### TASK TO COMPLETE
Copy, exactly as written, the lines that begin at the one containing "New in Box Avon" and end at the one containing "(来源:潇湘晨报)1月19日". Skip any pictures in the data below.

##### MATERIAL TO PROCESS #####

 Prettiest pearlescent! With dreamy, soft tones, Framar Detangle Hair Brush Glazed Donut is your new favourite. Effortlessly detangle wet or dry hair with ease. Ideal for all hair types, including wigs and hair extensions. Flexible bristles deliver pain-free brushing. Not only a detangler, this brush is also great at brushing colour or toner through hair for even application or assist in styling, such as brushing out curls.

#####
##### MATERIAL TO PROCESS #####

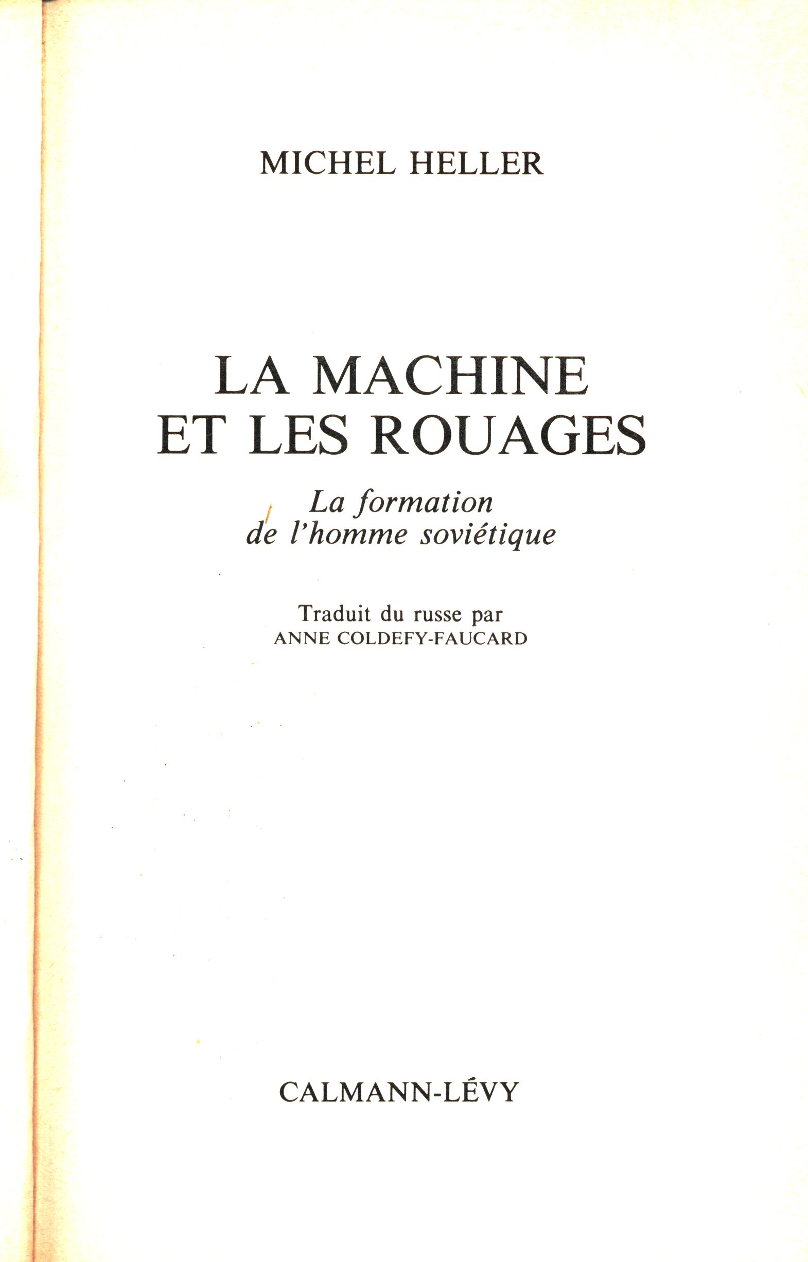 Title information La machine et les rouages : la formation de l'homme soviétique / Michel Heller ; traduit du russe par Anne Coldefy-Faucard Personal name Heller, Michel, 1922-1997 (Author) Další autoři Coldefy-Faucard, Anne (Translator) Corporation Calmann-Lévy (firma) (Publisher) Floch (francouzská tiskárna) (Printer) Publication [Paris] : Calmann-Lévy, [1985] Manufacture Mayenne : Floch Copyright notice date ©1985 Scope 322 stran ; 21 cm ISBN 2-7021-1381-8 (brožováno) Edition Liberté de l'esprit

#####
##### MATERIAL TO PROCESS #####

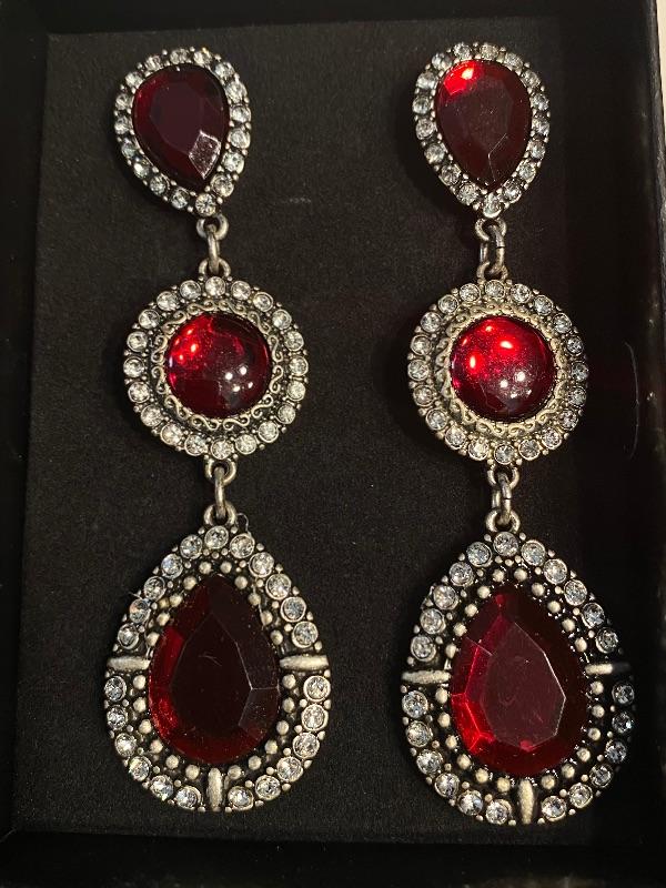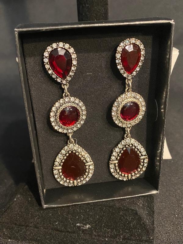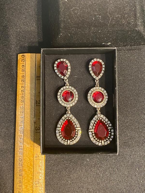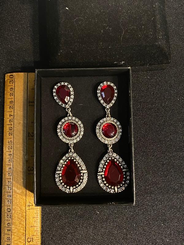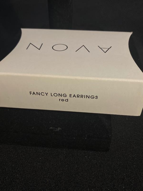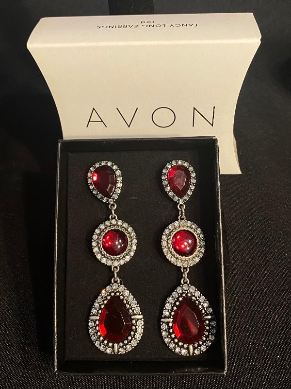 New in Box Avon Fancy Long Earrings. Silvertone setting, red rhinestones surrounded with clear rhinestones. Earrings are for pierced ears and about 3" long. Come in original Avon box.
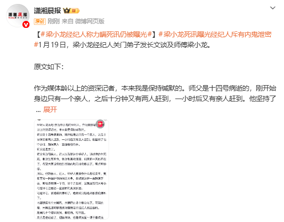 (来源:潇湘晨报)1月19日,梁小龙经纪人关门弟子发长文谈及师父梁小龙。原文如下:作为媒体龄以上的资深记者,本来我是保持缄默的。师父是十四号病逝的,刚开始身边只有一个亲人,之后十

#####

### YOUR SOLUTION
 New in Box Avon Fancy Long Earrings. Silvertone setting, red rhinestones surrounded with clear rhinestones. Earrings are for pierced ears and about 3" long. Come in original Avon box.
 (来源:潇湘晨报)1月19日,梁小龙经纪人关门弟子发长文谈及师父梁小龙。原文如下:作为媒体龄以上的资深记者,本来我是保持缄默的。师父是十四号病逝的,刚开始身边只有一个亲人,之后十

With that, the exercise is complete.